Naquela época, não sabíamos muito bem o que iríamos enfrentar, tudo estava organizado como uma viagem de grupo, os traslados, a estadia e até a comida, e só precisávamos levar algumas liras, a moeda local, para comprar alguma lembrança.
Para isso, vários de nós trocamos uma pequena quantia no banco antes de partir, embora houvesse quem preferisse fazê-lo no aeroporto de chegada, porque esperava que o câmbio fosse mais favorável no país de destino.
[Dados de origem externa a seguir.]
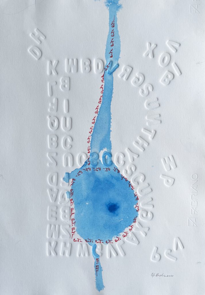 Calogero Barba cosciente del valore evocativo della scrittura creativa, dispone il suo sug-gestivo rapporto con le impressioni visive delle lettere “sottopressione” da cui scaturiscono i ritmi della forma per andare al di là del segno impresso sul bianco della carta. «Nel tem-po della liquidità e del bla bla bla, dei social media diffusi ovunque, tutto è comunicazione, la parola perde di continuo il suo forte significato semantico. La libera scrittura impressa sulla carta interagisce con la dimensione del formato del foglio evidenziando il rapporto con lo spazio, il segno e la fragile materia della carta – racconta Barba –. Le libere scrittu-re impresse, lontane dalle strutture grammaticali e dall’ordine del discorso lineare, sono di-sposte sul piano e impresse dal torchio calcografico assumendo il valore di una sosta visi-va dello sguardo che non svela il silenzio della stessa storia», continua a spiegare l’artista che con questa mostra intende contribuire alle attività sociali e culturali a Danisinni e del Mu.S.Da. di cui è membro, ma anche un omaggio a questo piccolo rione che conserva la sua memoria agreste con i suoi orti, i coltivatori, il rapporto con gli animali, una dimensione fortemente umana e senza tempo in una città come Palermo che ha subito profonde ferite causate da un’urbanizzazione talvolta incontrollata e spropositata.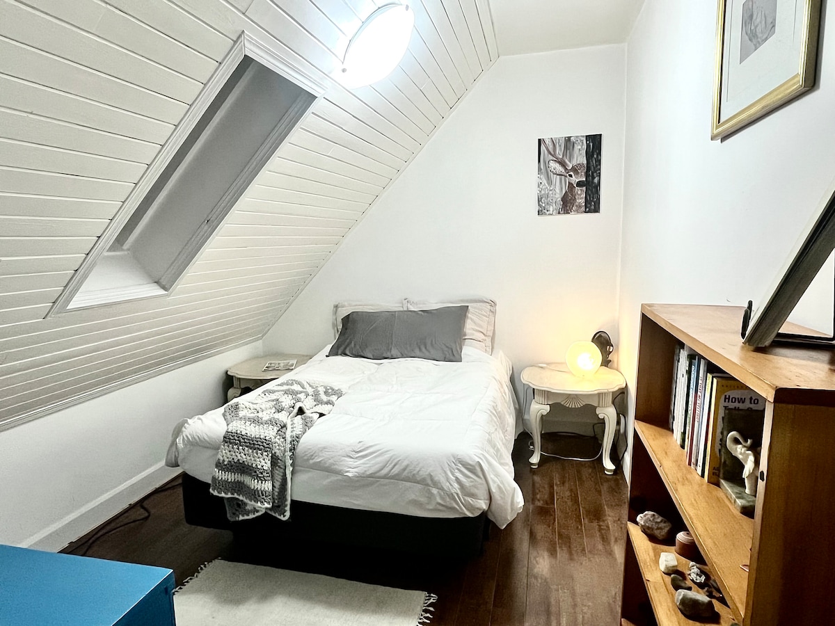The Nest is a bright and comfortable queen suite with a private ensuite bathroom, including both a bathtub and shower. Located on the lower level of our lakefront home, the room offers a peaceful and relaxing setting just steps from beautiful Okanagan Lake. Guests can enjoy easy access to our private dock — perfect for a morning swim, coffee by the water, or unwinding at sunset. This room is ideal for couples looking for a quiet and comfortable lakeside getaway in Lake Country.
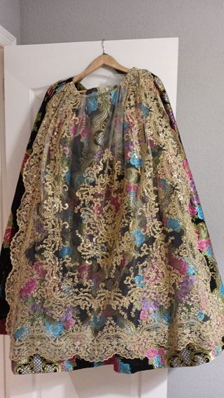Traje de fallera para adulta con un diseño elegante y llamativo. - Tejido principal negro con estampado floral multicolor. Tejido sedalina. - Delicado encaje dorado con lentejuelas. - Diseño intrincado y detallado. De regalo tel negra para corpiño de manga larga Talla 44 aprox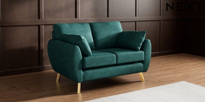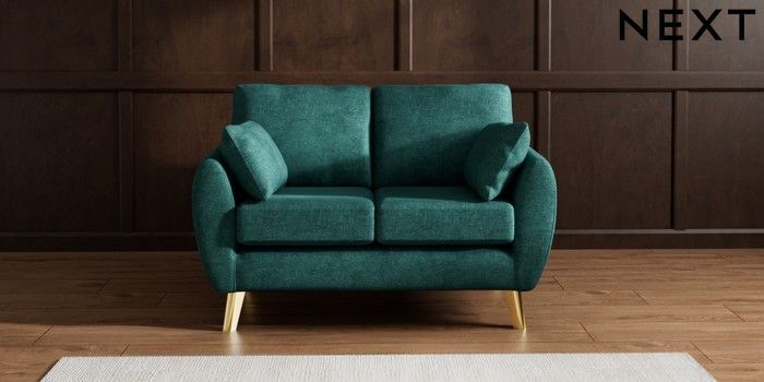 7.3.1 Buy Wilson 2 Seater Small Sofa Plush Chenille Dark Teal Green Metal Tapered - Gold from the Laura Ashley online shop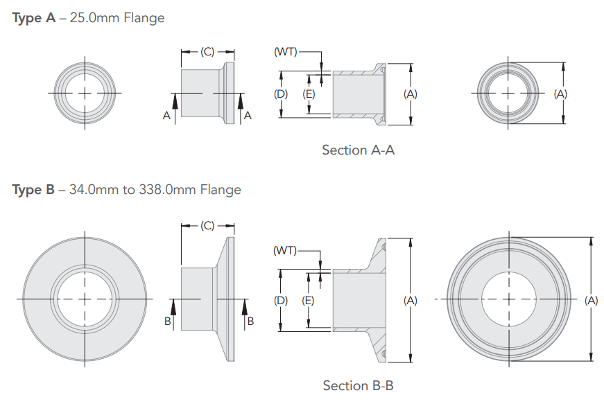 Pharmaceutical Ferrule (DN100) | DIN 32676 Table B (Long) | Length 48mm | 316L (0.8 Ra)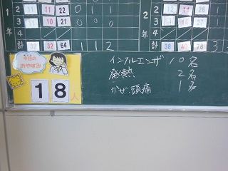 2月6日(火)の欠席者は18名で、インフルエンザによる欠席も10名と昨日よりちょっとだけ減りました。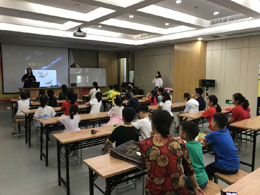 为了让少年儿童积极感知科技,增强儿童的科技意识,7月22日上午,奥体社区开展机器人编程科技活动。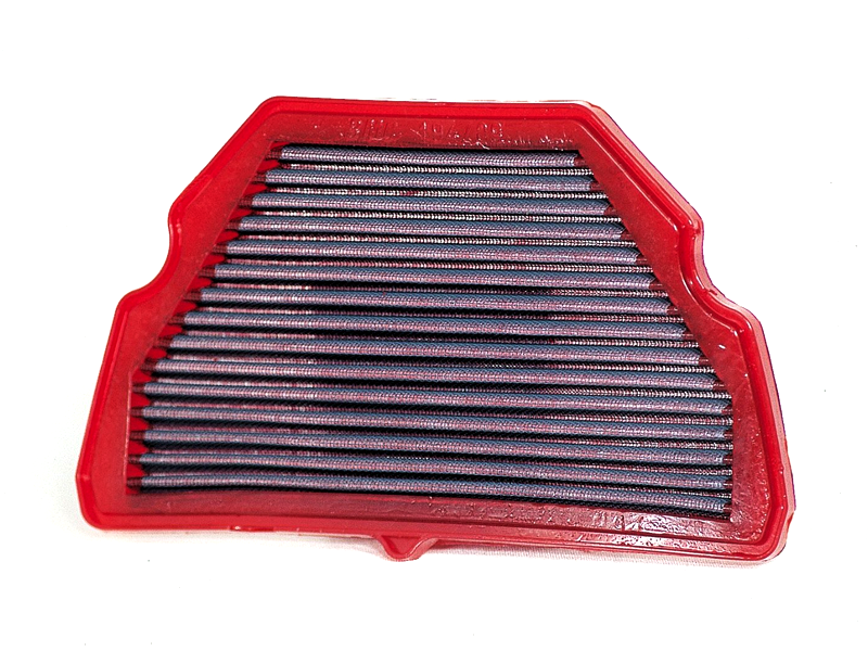 Filtro de potencia Bmc FM194/09 (Versión standard con menos entrada de aire). El filtro de aire Bmc Filter FM194/09 posee un diseño específico y está diseñado para colocar en sustitución al filtro de aire original. El filtro de potencia Bmc FM194/09 de alto rendimiento cuenta con la misma forma que el filtro standard, pero con una base de filtrado mayor. Este filtro reutilizable se caracteriza por su diseño que mejora notablemente la capacidad de aspiración de la toma de aire en comparación con los filtros tradicionales, mejorando también la calidad de la combustión. El filtro de potencia Bmc FM194/09 consta de una gasa de algodón de múltiples capas impregnada con aceite de baja viscosidad y recubierta con una malla de aluminio tratado con resina epoxy que garantiza la protección contra los humos del combustible y la oxidación debida a la humedad del aire. Las impurezas se filtran gracias al efecto pantalla y de retención, siendo capturadas por las fibras de algodón y retenidas por el aceite. Este proceso no obstruye la entrada de aire y garantiza el rendimiento constante del filtro de aire a largo plazo. El proceso de filtrado es continuo y los cuerpos extraños quedan depositados en el tejido sin bloquear el flujo de aire. El filtros Bmc está realizado mediante un sistema de “moldeado completo” que permite al característico filtro rojo ser de una sola pieza, sin juntas soldadas, lo cual evita la rotura. La goma que se utiliza en los sistemas de filtrado de aire Bmc es muy resistente y duradera, y posee unas características de adherencia óptimas para adaptarse a todas las formas de las cajas de aire.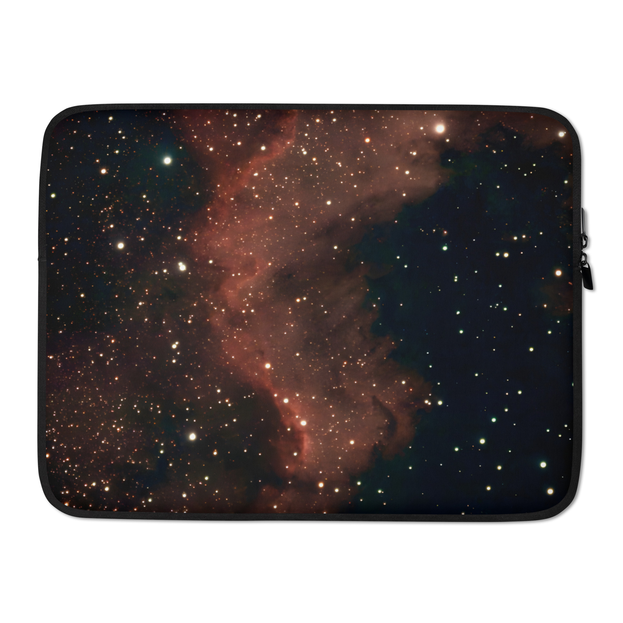 Protect your tech in cosmic style with this laptop sleeve featuring the North America Nebula (NGC 7000) — a magnificent emission nebula in the constellation Cygnus, about 2,500 light-years away. The deep red and gold tones of glowing hydrogen clouds form a celestial landscape reminiscent of North America. Captured from the night skies of Tallinn, Estonia, this sleeve combines practical protection with a touch of the Universe.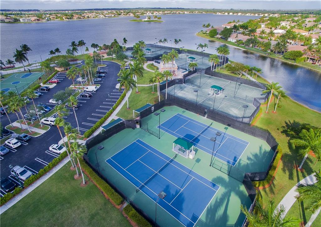 Largest model in the gated resort community of Sunset Lakes Grand Key! Beautiful open floor plan. Kitchen features corian counters. First floor has 18x18 ceramic titles with wood floors on stairs and entire second level. New A/C! Outside features accordion shutters and large screened patio for privacy and perfect for entertaining. Enjoy Sunset Lakes Amenities which include resort style pool, tennis, gym, playgrounds, basketball courts, private beach and clubhouse.

Era uma daquelas coisas que nós, jovens, acreditávamos que, ao ganhar um pouco de dinheiro, economizando ao máximo em algumas pequenas coisas, poderíamos fundar no dia de amanhã uma grande empresa.
Agora que me lembro que vários de meus colegas de turma foram altos executivos de grandes empresas, inclusive um deles foi diretor do FMI. (Fundo Monetário Internacional), cargo que nenhum de nós nem sonhava em alcançar, apesar da influência, do poder e do dinheiro de alguns de nossos pais. Mas, daqueles jovens impetuosos e ambiciosos, o que resta agora?
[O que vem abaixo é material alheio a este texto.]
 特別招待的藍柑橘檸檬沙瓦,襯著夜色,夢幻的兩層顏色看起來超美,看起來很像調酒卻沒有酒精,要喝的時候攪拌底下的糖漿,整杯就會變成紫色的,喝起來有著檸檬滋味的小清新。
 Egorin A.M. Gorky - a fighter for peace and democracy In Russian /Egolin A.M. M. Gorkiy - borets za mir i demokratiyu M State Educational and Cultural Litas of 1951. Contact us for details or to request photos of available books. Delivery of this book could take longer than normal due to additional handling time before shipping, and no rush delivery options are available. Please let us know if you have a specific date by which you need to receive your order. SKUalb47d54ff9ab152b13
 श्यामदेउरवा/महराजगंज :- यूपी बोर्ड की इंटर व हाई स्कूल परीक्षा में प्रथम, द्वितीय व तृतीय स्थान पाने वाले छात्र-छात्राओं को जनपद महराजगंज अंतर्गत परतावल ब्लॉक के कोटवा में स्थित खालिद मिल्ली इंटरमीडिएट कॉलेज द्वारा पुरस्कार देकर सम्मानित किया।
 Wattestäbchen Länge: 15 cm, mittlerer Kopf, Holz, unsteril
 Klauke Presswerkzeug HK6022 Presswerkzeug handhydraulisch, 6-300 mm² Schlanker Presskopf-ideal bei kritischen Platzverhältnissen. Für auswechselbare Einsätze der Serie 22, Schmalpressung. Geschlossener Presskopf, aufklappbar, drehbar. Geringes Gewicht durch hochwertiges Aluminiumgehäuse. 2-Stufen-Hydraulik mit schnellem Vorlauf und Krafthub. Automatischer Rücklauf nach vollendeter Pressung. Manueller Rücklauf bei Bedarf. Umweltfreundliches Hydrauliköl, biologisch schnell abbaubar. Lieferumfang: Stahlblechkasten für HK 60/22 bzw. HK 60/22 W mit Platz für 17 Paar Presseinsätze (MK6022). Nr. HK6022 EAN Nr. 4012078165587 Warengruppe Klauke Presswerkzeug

De vez em quando, uma parte da turma se reunia para celebrar a passagem das décadas desde que nos formamos, mas desses, que eram os que tinha mais contato, não resta mais ninguém.
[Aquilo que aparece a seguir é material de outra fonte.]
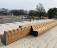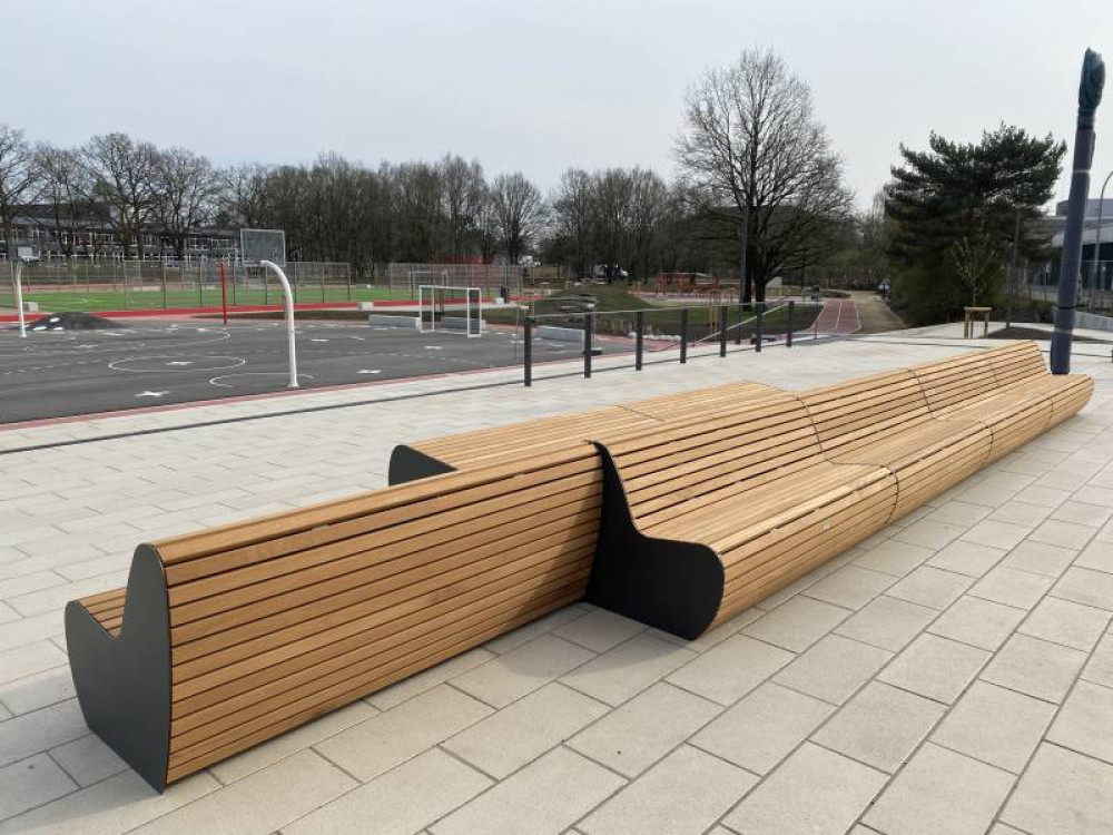 Der Willy-Brandt-Park in Norderstedt ist eine zentral gelegene Grünanlage und Naherholungsfläche. An den angrenzenden Sportplätzen erfolgte Anfang des Jahres die Erneuerung eines Platzes und Bestückung mit hochwertigen Sitzmöbeln. Aus der Bankserie SEDAN von Nusser Stadtmöbel wurden dafür mehrere Modelle ausgewählt: die Sitzbank, die doppelseitige Sitzbank und der Lounger mit verlängerter Sitzfläche, alle in DB 703 farbbeschichtet und mit langlebigem FSC®-Hartholz ausgestattet. Diese Möbel wurden in Reihe angeordnet und ergeben so einen langen, vielseitig nutzbaren Sitz- und Aufenthaltsbereich. Zugleich stellt diese Anordnung ein optisches Highlight dar und ist für sich schon ein Objekt.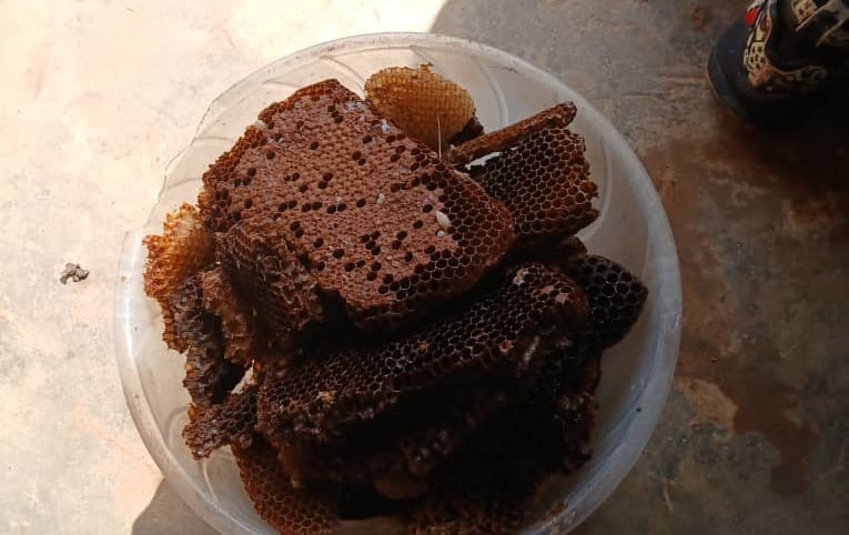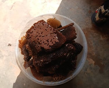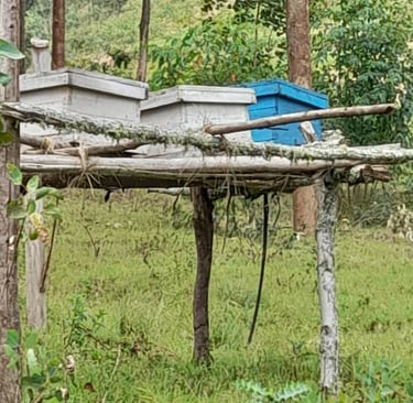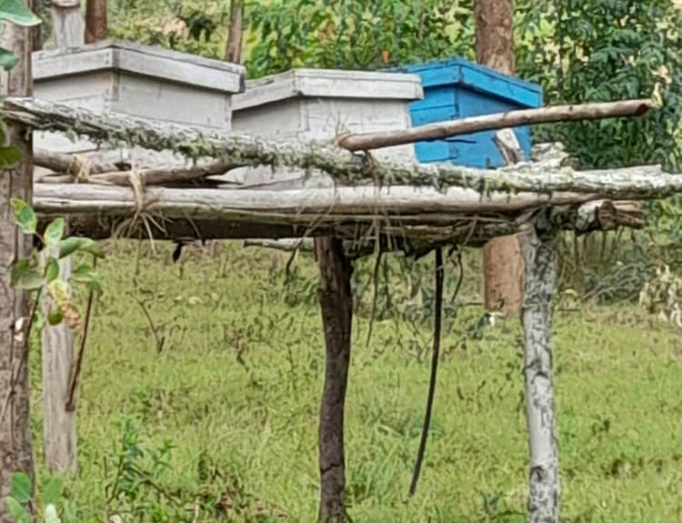 Nos ruches améliorent la pollinisation des cultures (macadamia, agrumes, fruits de la passion, mangue, bananes) et augmentent la nouaison (plus de fleurs fécondées = plus de fruits bien formés). L’apiculture apporte aussi une diversification de revenus (miel, cire) et renforce la biodiversité autour de la ferme.

Os anos atingiram a todos, apesar das grandes fortunas que alguns acumularam ou das muitas cirurgias feitas por alguns, para trocar um baço, fígado ou até o coração, tentando remediar os excessos da sua juventude, tentando enganar a morte, mas mais cedo ou mais tarde ela chega a todos nós. Não sei por que não me alcançou, talvez ainda tenha algo a fazer, mas não saberia dizer o quê.
Agora que me lembro, conheço um amigo que após gastar a sua fortuna em doações para centros de pesquisa para que lhe buscassem uma cura para essa terrível doença que é a velhice, tudo o que conseguiu foi um solitário e frio caixão, com um metro e oitenta de comprimento por setenta de largura, em um centro experimental onde conservam o seu corpo congelado.
Lá, permanece inerte como se estivesse dormindo profundamente, esperando que, passados uns anos, talvez umas décadas, a tecnologia avance tanto que lhe consigam reanimar para lhe conceder a tão almejada longa vida.
Pessoalmente, e após ter sobrevivido a tanto, entendo que poucos anos já teria sido suficiente… se eu tivesse percebido o que é realmente importante.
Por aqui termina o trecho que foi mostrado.